§ Your assignment: From the line containing "Averis™ | Multi-Tier" through the last line below, copy every line exactly, leaving out the pictures.

§ The data:
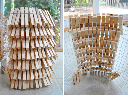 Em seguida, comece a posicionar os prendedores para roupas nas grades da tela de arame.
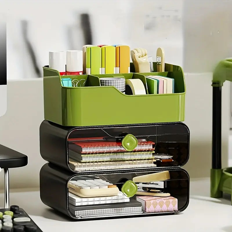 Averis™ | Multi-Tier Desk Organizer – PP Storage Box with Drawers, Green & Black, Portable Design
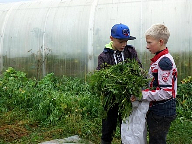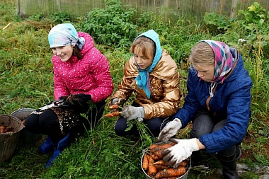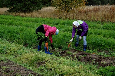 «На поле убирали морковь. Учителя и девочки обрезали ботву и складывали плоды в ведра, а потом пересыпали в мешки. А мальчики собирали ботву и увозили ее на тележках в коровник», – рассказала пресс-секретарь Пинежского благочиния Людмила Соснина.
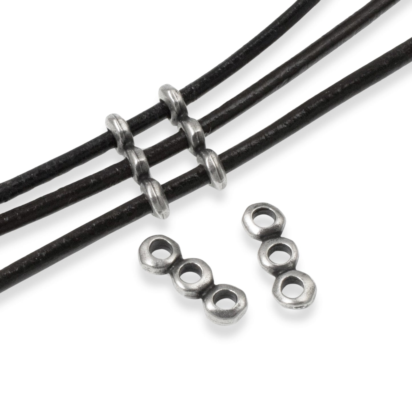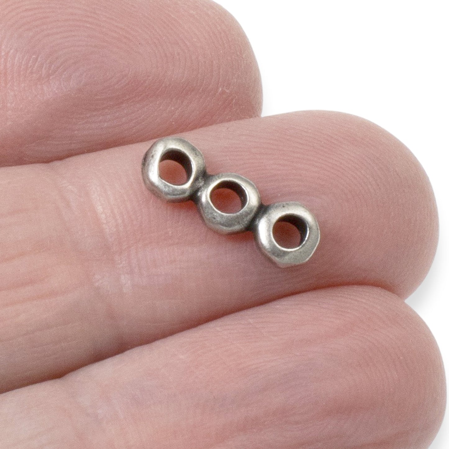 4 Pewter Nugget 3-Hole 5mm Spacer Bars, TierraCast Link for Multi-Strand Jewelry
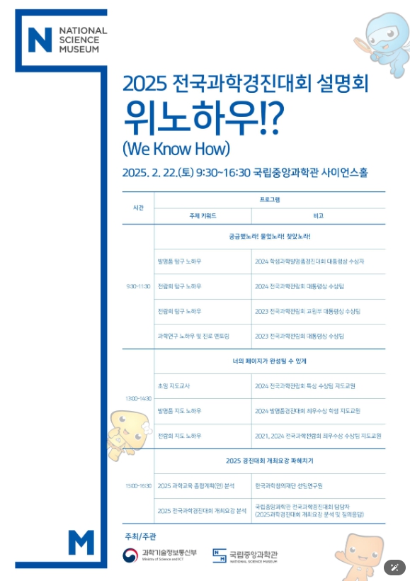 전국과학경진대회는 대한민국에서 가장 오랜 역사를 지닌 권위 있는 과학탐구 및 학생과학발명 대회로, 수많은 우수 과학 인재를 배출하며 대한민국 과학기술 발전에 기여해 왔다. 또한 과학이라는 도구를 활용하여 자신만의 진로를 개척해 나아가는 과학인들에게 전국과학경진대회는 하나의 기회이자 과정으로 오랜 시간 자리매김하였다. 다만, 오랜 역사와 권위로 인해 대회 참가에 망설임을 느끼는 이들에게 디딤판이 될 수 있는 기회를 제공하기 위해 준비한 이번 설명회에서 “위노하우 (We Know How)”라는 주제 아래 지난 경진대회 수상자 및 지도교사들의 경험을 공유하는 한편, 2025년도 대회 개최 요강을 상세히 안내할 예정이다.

§ Response to this exercise:
 Averis™ | Multi-Tier Desk Organizer – PP Storage Box with Drawers, Green & Black, Portable Design
 «На поле убирали морковь. Учителя и девочки обрезали ботву и складывали плоды в ведра, а потом пересыпали в мешки. А мальчики собирали ботву и увозили ее на тележках в коровник», – рассказала пресс-секретарь Пинежского благочиния Людмила Соснина.
 4 Pewter Nugget 3-Hole 5mm Spacer Bars, TierraCast Link for Multi-Strand Jewelry
 전국과학경진대회는 대한민국에서 가장 오랜 역사를 지닌 권위 있는 과학탐구 및 학생과학발명 대회로, 수많은 우수 과학 인재를 배출하며 대한민국 과학기술 발전에 기여해 왔다. 또한 과학이라는 도구를 활용하여 자신만의 진로를 개척해 나아가는 과학인들에게 전국과학경진대회는 하나의 기회이자 과정으로 오랜 시간 자리매김하였다. 다만, 오랜 역사와 권위로 인해 대회 참가에 망설임을 느끼는 이들에게 디딤판이 될 수 있는 기회를 제공하기 위해 준비한 이번 설명회에서 “위노하우 (We Know How)”라는 주제 아래 지난 경진대회 수상자 및 지도교사들의 경험을 공유하는 한편, 2025년도 대회 개최 요강을 상세히 안내할 예정이다.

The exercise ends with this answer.